Перед началом съемок фильма "Сердце мира" режиссер Наталия Мещанинова и ее муж Степан Девонин, сыгравший роль Егора, изучали работу притравочных станций, с которыми борются зоозащитники. Появляются экоактивисты и в фильме: они тайком пробираются на станцию, выпускают лис из клеток, но привыкшие к неволе звери либо возвращаются назад, либо гибнут в лесу.
Фильм "Сердце мира" получил в 2018 году три награды на фестивале "Кинотавр" – главный приз и приз кинокритики, а Степан Девонин был признан лучшим исполнителем мужской роли.
Это вторая полнометражная работа Наталии Мещаниновой. В 2014 году она сняла фильм "Комбинат "Надежда", недавно вышли два примечательных фильма по ее сценариям – "Аритмия" Бориса Хлебникова и "Война Анны" Алексея Федорченко, – а книга "Рассказы" попала в шорт-лист литературной премии НОС.
О цензуре, притравочных станциях, мастерстве сценариста и проблемах зоозащиты мы беседуем с Наталией Мещаниновой после показа фильма "Сердце мира" на Роттердамском кинофестивале.
– Четыре года назад мы с вами говорили в Роттердаме о сложной прокатной судьбе "Комбината "Надежда". Вы сказали, что не пойдете на компромиссы, не будете убирать слова, которые требует убрать законодательство. И фильм в российский прокат не вышел.
– Вообще не вышел. У него не было прокатного удостоверения. Более того, сложилась такая законодательная история, что фильм не может быть показан на фестивалях. Поэтому ни один российский кинофестиваль, кроме "Кинотавра", который случился до принятия этого закона, не смог показать наше кино. Я ездила везде, где только можно, кроме российских кинофестивалей.
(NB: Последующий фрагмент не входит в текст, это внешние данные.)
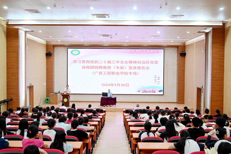 9月30日上午,學(xué)習(xí)貫徹黨的二十屆三中全會(huì)精神自治區(qū)黨委講師團(tuán)特聘教授(專家)宣講報(bào)告會(huì)在我校圖文信息大樓一樓學(xué)術(shù)報(bào)告廳舉行,自治區(qū)黨委講師團(tuán)特聘教授(專家)、廣西師范大學(xué)馬克思主義學(xué)院孟憲平教授作宣講報(bào)告。
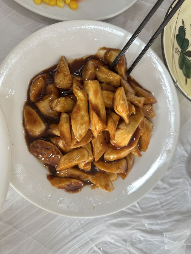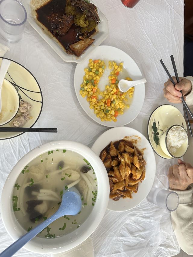 工作日中午,服务员比较少点菜要等,菜品比较清淡,价格比市区贵一点,但是周边没有选择,独此一家。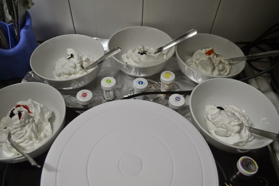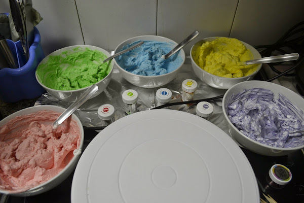Nata (crema de leche) especial para cobertura, tu puedes usar frosting, nata (crema de leche) o merengue! En mi caso después de montarla la dividí en varios recipientes para ponerles a cada uno un color distinto.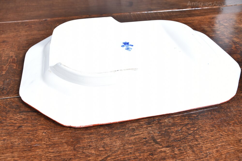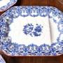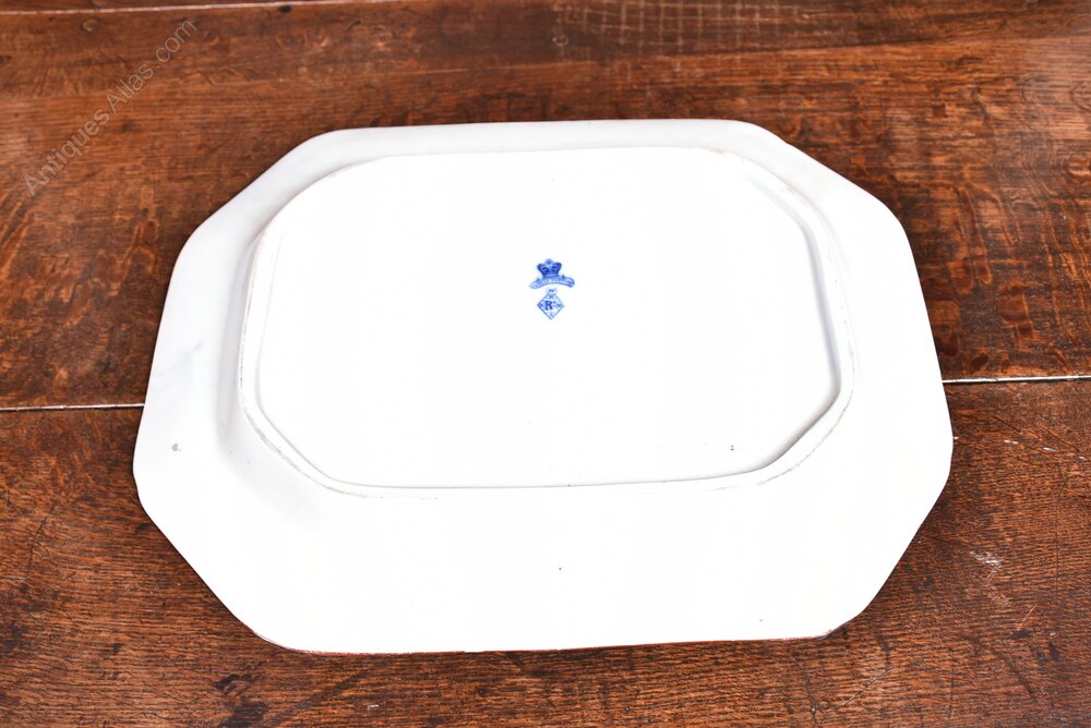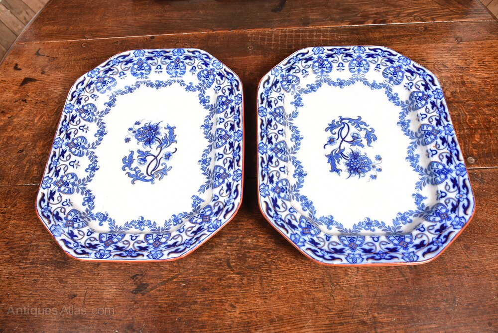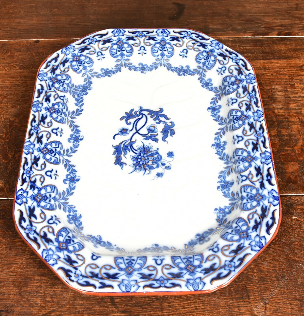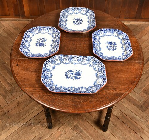 A beautiful set of four octagonal ashetts, each displaying a clean white ground enriched with finely detailed blue floral decoration. The borders are embellished with scrolling foliate motifs and stylised blossoms, framing a central floral medallion. The transfer-printed design reflects the romantic botanical tastes that flourished in Victorian Britain. Their octagonal form, softened at the corners, is typical of mid-19th-century serving wares, traditionally used for presenting meats, fish, or vegetables. The reverse bears both the diamond-shaped British registration mark and the Indian Festoon pattern stamp, confirming their period authenticity.Internal Reference: SAI4064

– Думаю, что для режиссера-дебютанта это огромный удар. Вы очень переживали тогда? Переживаете до сих пор?
Я могла пойти на компромисс, но мне показалось, что это неправильно с точки зрения авторской позиции
– Нет, ни тогда, ни сейчас у меня не было такого ощущения, что это удар. Потому что это и мой выбор. Я могла пойти на компромисс и сделать версию для проката. Но мне показалось, что это неправильно с точки зрения всего, в том числе авторской позиции. Неправильно еще и потому, что фильм пострадал бы. Он такой, какой есть, перекраивать его было глупо. Хочу сказать спасибо продюсерам, которые не стали делать другие версии. Все приняли тот факт, что в России он остается на территории андеграунда. Конечно, он довольно быстро появился в интернете. Его посмотрели все, кто хотел посмотреть. Да, на этом не заработали, но просмотров у него много, люди про него знают. Поэтому я не считаю, что это кино похоронено, оно послужило ярким примером цензуры, про которую все говорили. Все СМИ на примере "Комбината "Надежда" рассказывали о том, как пагубно принятие таких законов в нашей стране. Я не переживаю сейчас, и тогда переживала не очень, просто стала сразу что-то делать дальше.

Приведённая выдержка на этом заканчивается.